Jeszcze kilka lat temu nie myślał o zdobywaniu najwyższych szczytów. Po raz pierwszy zobaczył góry, gdy miał 17 lat. Wybrał się do Zakopanego i wszedł na Kasprowy. Wówczas złapał bakcyla. 18. urodziny spędził na Rysach. Potem chciał iść tylko wyżej. Wspinał się na Mont Blanc w Alpach, Kilimandżaro w Afryce, Elbrus na Kaukazie, Mauna Kea na Hawajach oraz Muztagh Ata w Chinach. Ta ostatnia wyprawa zakończyła się na wysokości 6300 m n.p.m. ze względu na wyjątkowo trudne warunki pogodowe.

„W końcu podjąłem próbę wejścia na Aconcagua, najwyższy szczyt Ameryki Południowej, ale brak doświadczenia, złe warunki atmosferyczne i nie do końca dobre przygotowanie psychiczne sprawiły, że wycofałem się 150 m od szczytu. Obiecałem najbliższym, że wrócę cały i zdrowy”, przyznaje pchor. Helak. Ale góry Aconcagua nie odpuścił. Potrzebował roku, by podjąć kolejną próbę. Tym razem udaną.

Zdobycie McKinleya, jednego z najtrudniejszych pod względem wspinania szczytów Korony Ziemi, wymagało przygotowań. „Nie chodzi o kondycję fizyczną, bo o tę, jako student Szkoły Orląt, dbam na co dzień. Lubię pływać, staruję w półmaratonach. Z resztą trzy dni po zakończeniu wyprawy wziąłem udział w półmaratonie Trent Waldron Glacier Half Marathon w Anchorage”, mówi Helak i dodaje: „Ale w górach nie liczą się mięśnie, lecz głowa. Tylko wola walki, determinacja i świadomość tego, po co się coś robi, pozwalają przetrwać najtrudniejsze chwile. W wypadku tej wyprawy bardzo skupiałem się na celu. Wydaje mi się, że jeszcze nigdy dotąd nie byłem tak dobrze przygotowany psychicznie do wyprawy w góry”.

 

Wspinaczka na szczyt

W trasę ruszył w towarzystwie dwóch alpinistów z Warszawy. Z Okęcia polecieli do Anchorage na Alasce, następnie do Talkeetna – miejscowości, w której załatwia się wszystkie formalności z władzami Parku Narodowego Aconcagua. Potem musieli skorzystać z usług powietrznej taksówki. „To awionetki mogące przetransportować wspinaczy i sprzęt na lodowiec. Samoloty te lądują na śniegu, są wyposażone w specjalne płozy”, opowiada podchorąży. Tak ekipa dotarła na lodowiec Kahiltna. „To tam zaczyna się cała wspinaczka na szczyt”, mówi Helak. W plecaku miał specjalistyczny sprzęt wysokogórski, odzież puchową, obuwie oraz jedzenie i gaz. „Później nie ma już możliwości uzupełnienia zapasów, chyba że jedzenie podaruje ci wspinacz kończący swoją wyprawę”, przyznaje.

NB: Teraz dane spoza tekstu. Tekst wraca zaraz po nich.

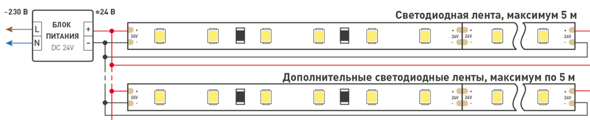
Схема 2. Подключение нескольких светодиодных лент с двух сторон. Рекомендуется использовать для обеспечения равномерного свечения ленты по всей длине.

Wspinaczka pchor. Helaka i jego towarzyszy rozpoczęła się na wysokości 2200 m n.p.m. Każdy kolejny obóz znajdował się o 500–1000 m wyżej. „Ponieważ mieliśmy dużą ilość sprzętu, butli z gazem czy wyżywienia, musieliśmy wynosić depozyty wyżej i zakopywać je w śniegu. Potem wracaliśmy do poprzedniego obozowiska”, wspomina Helak. Dzięki temu jednocześnie aklimatyzowali się i ułatwiali sobie wspinaczkę.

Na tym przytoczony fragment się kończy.